For more than a decade, the late owner of the Washington Redskins, Jack Kent Cooke, along with his son John, tried to block Baltimore's return to the NFL.

He worked behind the scenes to scuttle Baltimore's expansion effort. He said that this region was not large enough to support two NFL franchises, despite the fact that both the Colts and the Redskins coexisted in this region for many years.

Cooke tried to build a stadium in Laurel to get both the Baltimore and the Washington corporations to occupy his money-making skyboxes. Even when Art Modell's franchise was making the move to Baltimore, it was John Kent Cooke who made a speech against the relocation before the NFL voted.

The Redskins did vote to allow the move only under pressure from Maryland officials who would have blocked his move to Landover.

So I think I speak for the longtime suffering Baltimore football fans in saying this region can't support two major-league baseball teams.

Turnabout is fair play.

Steve Holowchak Laurel

Vecsey needs to cover subjects that matter

I wrote a letter to the editor that was published a month ago concerning negativity in Laura Vecsey's column. I have since realized the error of my ways.

I had praised her selection of topic and style while questioning her tone as negative toward the state of sports today. After reading Ms. Vecsey's column again and again, I have come to understand what exactly is the problem here.

I was wrong. It is the topic.

I was able to forgive her writing about the Masters, still six months away, the day after the Ravens' huge Monday night slapping of the Broncos, but lately, her choice of topic has been inexcusable, most notably the Jan. 28 article about the U.S. Olympic Committee.

Who cares about the USOC? No one. At least no one reading a Baltimore newspaper.

I hate to compare her to Ken Rosenthal, but Ken always wrote about national stories with either a Baltimore edge, or he simply wrote about sports - real professional sporting events and personalities.

Vecsey seems to avoid writing about actual sports happening on a daily basis, the games we love, the thrilling finishes, the controversy.

I think she's written one column on the NFL all season, maybe two. Does she watch sporting events at all?
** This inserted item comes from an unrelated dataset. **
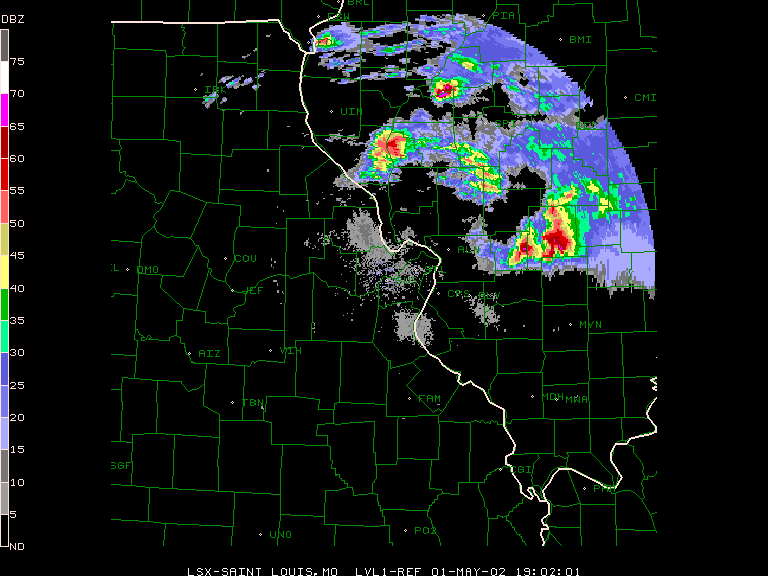 UPDATE May 5 - An NWS damage survey has revealed that this storm produced at least 9 tornadoes in the St. Louis CWA - 6 in the Greenville, IL area (4 F1 and 2 F0) and 3 (all F1) in the Kimmundy, IL area. The St. Louis NWS has posted a summary of the damage survey with tornado track maps here. This damage survey does NOT include damage done in the Staunton-Livingston, IL area, where two semi trucks and a freight train were blown over. I will post additional information as it becomes available.

I want to hear Vecsey's opinion - about sports! If she has one.

Andrew Dale Baltimore

In free agency, Orioles playing bait and switch

No team in baseball plays bait-and-switch free agency better than our own beloved Baltimore Orioles. Peter Angelos and Syd Thrift perfected the system, and Mike Flanagan and Jim Beattie have picked up where Peter and Syd left off.

Here's the way it works: A quality free agent goes on the market, and the Orioles instantly express a deep interest. Fans get excited, thinking there is actually a chance the player wants to toil for the "fourth-placers." Management hems and haws, claiming the team will not overpay. Meanwhile, the player uses as leverage whatever low-ball offer the Orioles proffer and winds up elsewhere.

Mr. Angelos declares the team will be youthful, exciting and competitive and will challenge for a playoff position.

As the Warehouse Gang is laughing their heads off, Orioles fans proceed to purchase tickets in large quantities.

The owners of the Rochester Red Wings finally got it. How long will it take for Orioles fans to realize that they are being duped by clever businessmen who have no clue how to run a successful baseball organization?